SAC also wishes a better presentation of the document. Scientific and technical opportunities and challenges that will accompany a move to SOLEIL should be clearly identified. SAC asks for a new written version of the proposal for the next April SAC meeting.

A revised version of the proposal has been submitted for the 4^th SAC meeting.
SAC has removed the reservations he expressed at his second meeting concerning this project. The recommendation of the 4^th meeting is "SAC congratulates the promoters of the dispersive EXAFS project. The case is well defended, all the questions raised are satisfactorily answered and sufficient arguments on the beamline performance are given to grant a positive answer to proceed with the development of this beamline"

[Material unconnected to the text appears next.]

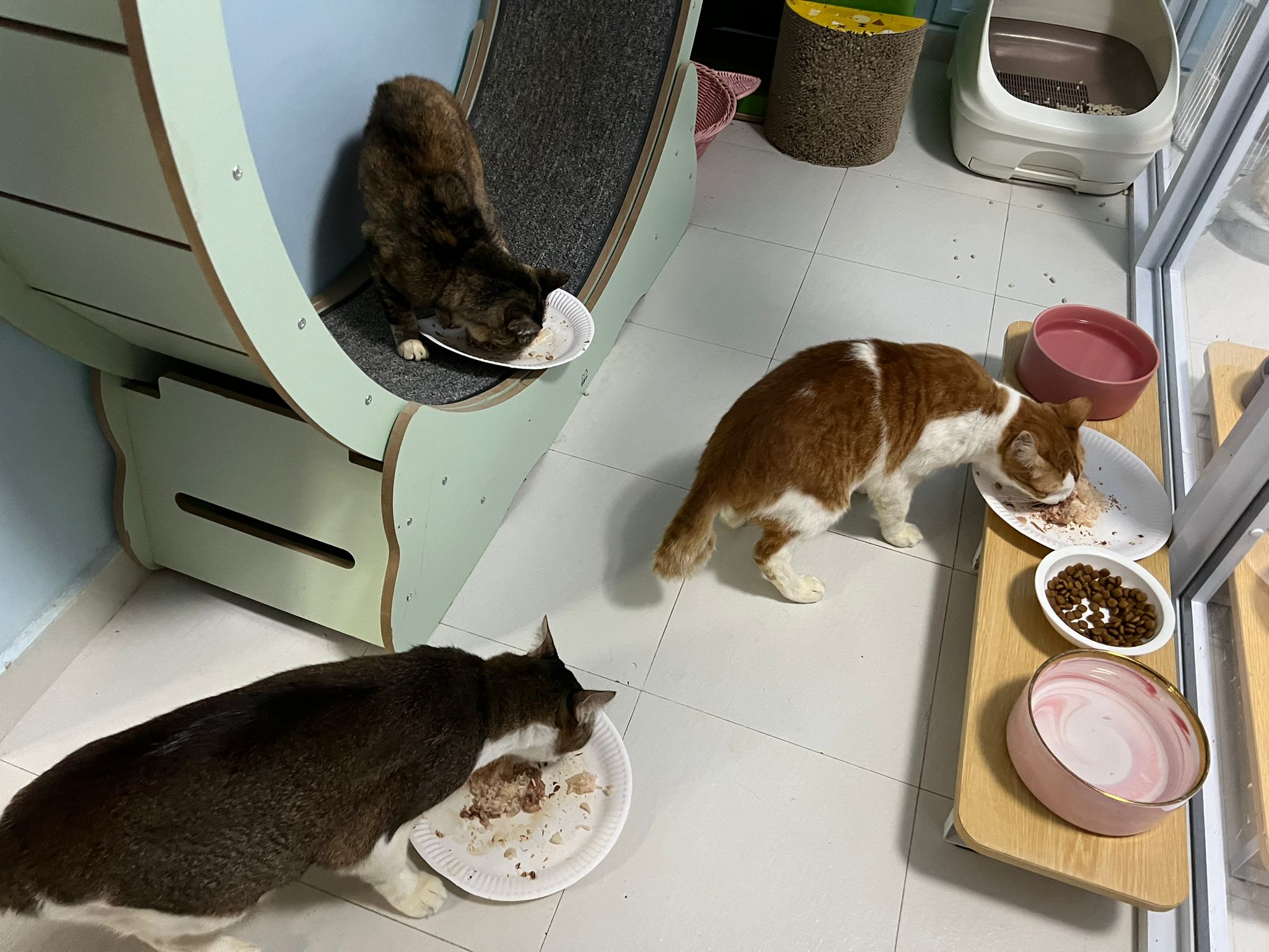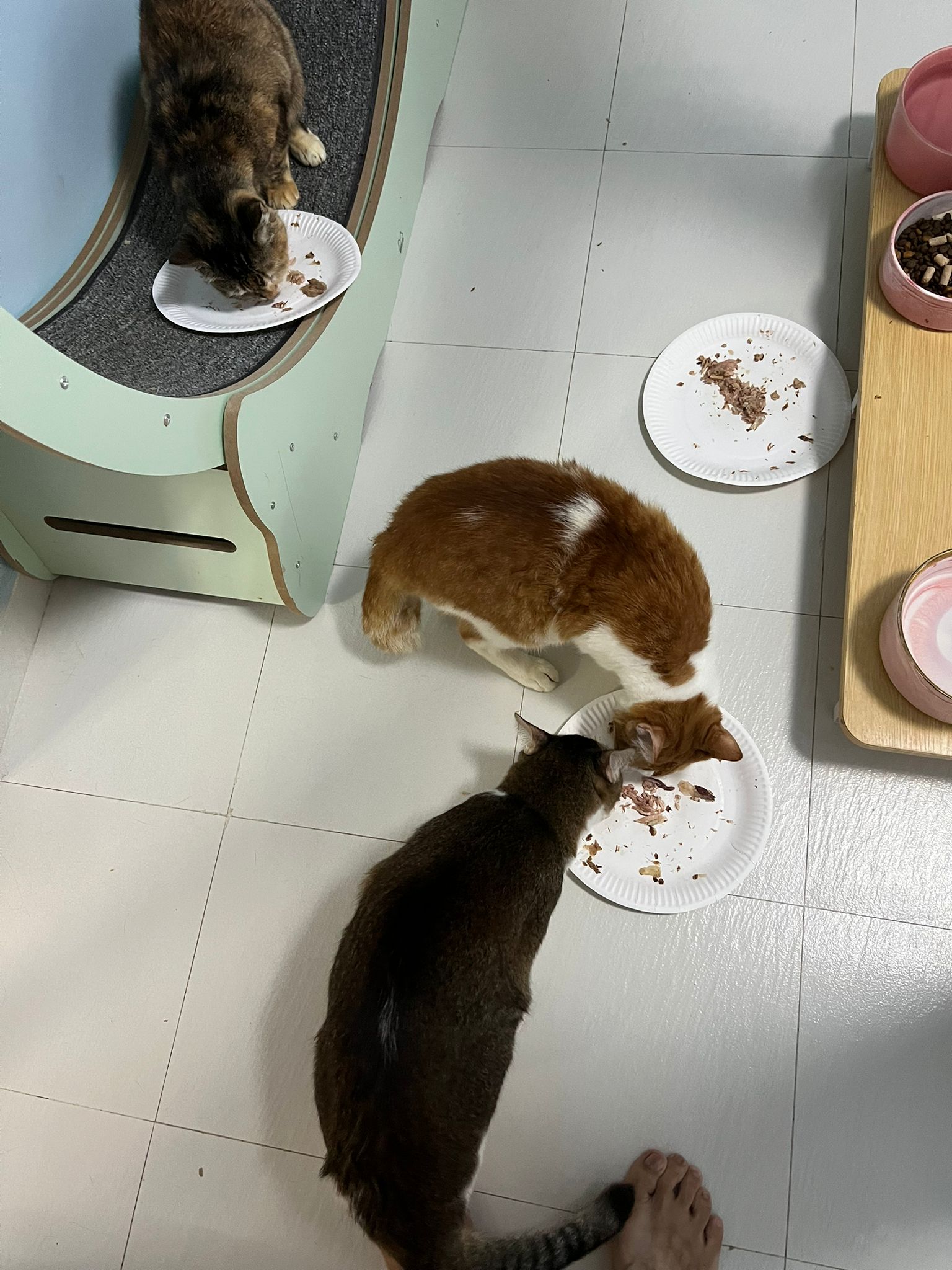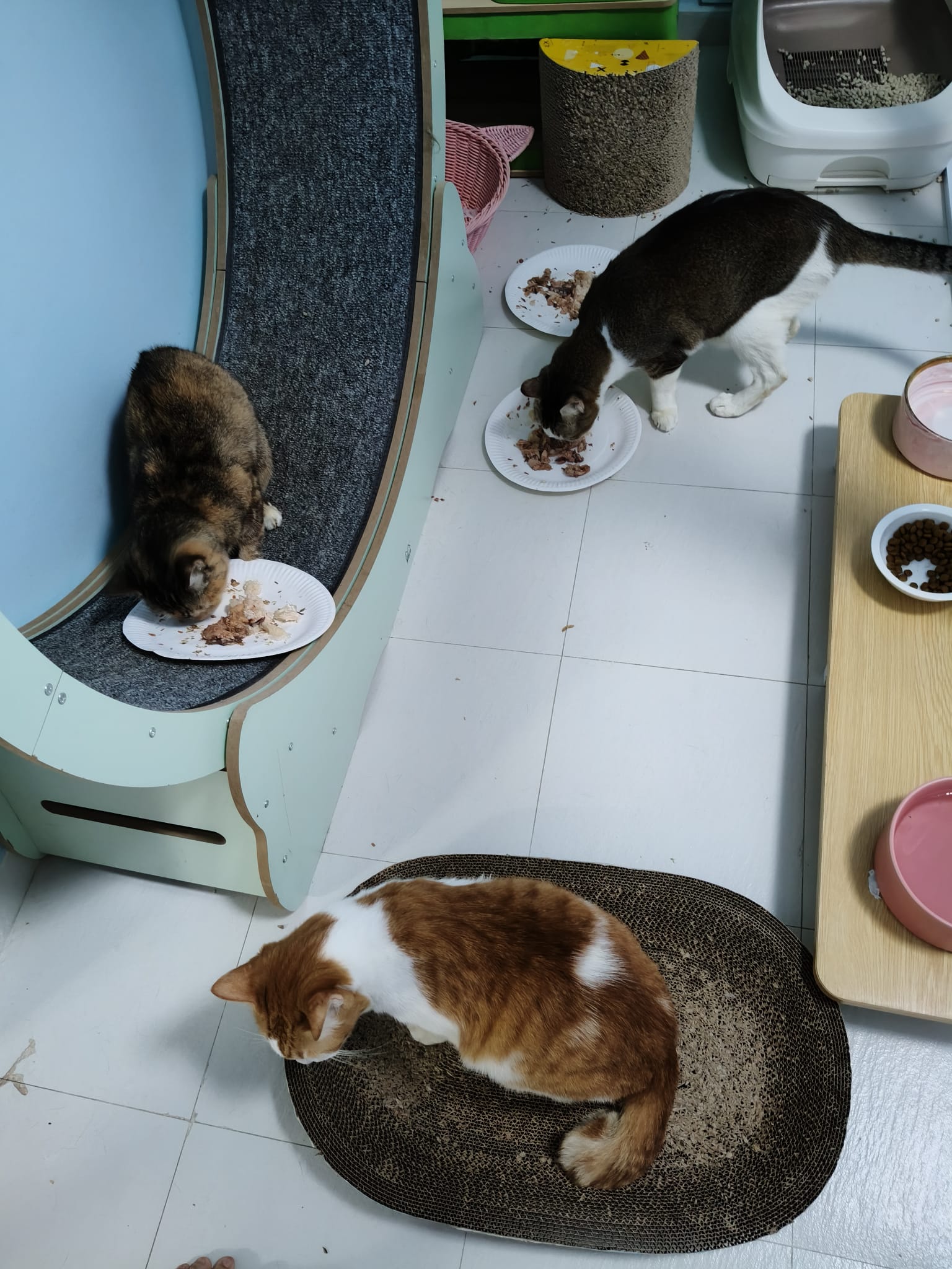 9Am+: all 3 of them eat tgt. 2 sets of poo today, one obviously from boy the poo so thick. But both sets quite dark. All wet food polished. Kibble also gone. They like feline natural.

La direction de SOLEIL demande l’aval du Conseil pour le tranfert de la ligne d’EXAFS dispersif sur un aimant de courbure. La brillance de SOLEIL permet d’élargir les performances de la ligne en terme de taille de tache focale, d’étendue spectrale et de vitesse d’acquisition des données en équipant la ligne de dispositifs optiques et détecteurs appropriés. Cette ligne permettra de continuer à doter la communauté française d’un équipement du meilleur niveau international pour réaliser le projet scientifique décrit.